A Quick Guide to Deal with Missing Data

  • Imputation techniques
  • Packages for imputations

Types of missing values

In general, there are three basic types of missing data.

Missing completely at random(MCAR)

As the name suggests, missed values are generated randomly in our data irrespective of relationships between any values, feature(observed or unobserved) and the missingness of the data.

  • Missed readings filled in any laboratory during any experiment.

Missing at random(MAR)

Values missed in a feature are not related to the feature itself but to other features in the data.

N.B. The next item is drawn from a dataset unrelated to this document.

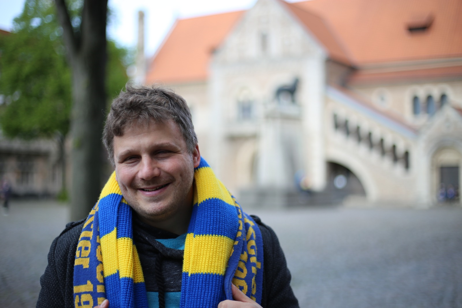Nach dem Essen geht es zum Stadion. Braunschweig spielt heute gegen Münster. In der eng gequetschten Straßenbahn reflektiert er begeistert seine Kindheit, als er noch Fußball spielen und andere Sachen machen konnte. Auch mit maximal zehn Prozent Sehkraft hat Christian damals eine verhältnismäßig normale Kindheit führen können. „Ich habe denselben Scheiß gemacht, den andere Kinder auch gemacht haben“, erzählt er rückblickend. „Der Moment, als das für mich als erstes in Erscheinung getreten ist, war als ich mit elf Jahren meinen Schwerbehindertenausweis bekommen habe. Das war dann quasi eine Kennzeichnung dafür, dass ich da halt was hatte.“ Am Stadion angekommen holt Christian seinen Langstock aus der Tasche. „Bei großen Menschenmassen passe ich lieber auf, wo ich lang gehe“, erklärt er, während er sich mit der Spitze seines Stockes durch das Gewusel der Fußballfans pendelt. „Hallo Herr Draheim!“, begrüßt ihn die Platzanweiserin. Auf den speziell für sehbehinderte Menschen eingerichteten Plätzen angekommen, schildert er, wie es ist, ein Fußballspiel zu erleben. Mit Hilfe von Kopfhörern bekommen Sehbehinderte das Spiel von einem Sehbehindertenreporter bis ins kleinste Detail beschrieben.

  • In any production line’s records, missing values generated for a component due to failure of different component comes under this category.

Missing not at random(MNAR)

if Values that are missed in a feature are related to the feature itself can be called MNAR. this type of missing value is most challenging to handle.

  • In a survey, participants refused to talk about their pay scale.

Imputation techniques

There are four main methods of handling missing data in datasets:

  • Imputation of missing data
  • Applying models like XGBoost that support the existence of missing data.
  • Use models for imputation of missing data like maximum likelihood estimation.
  • K-nearest neighbour: this is a clustering process that tells about the nearest values, which can be used to fill missing values instances.
  • Multivariate Imputation by Chained Equations(MICE): in this method, we use machine learning models and different data features to predict the values for replacing missing values in a particular feature.
  • Iterative Regression Imputation: train a model for each feature with missing values.

Packages for imputations

There are various python packages to deal with missing values. Let’s take a look at these packages.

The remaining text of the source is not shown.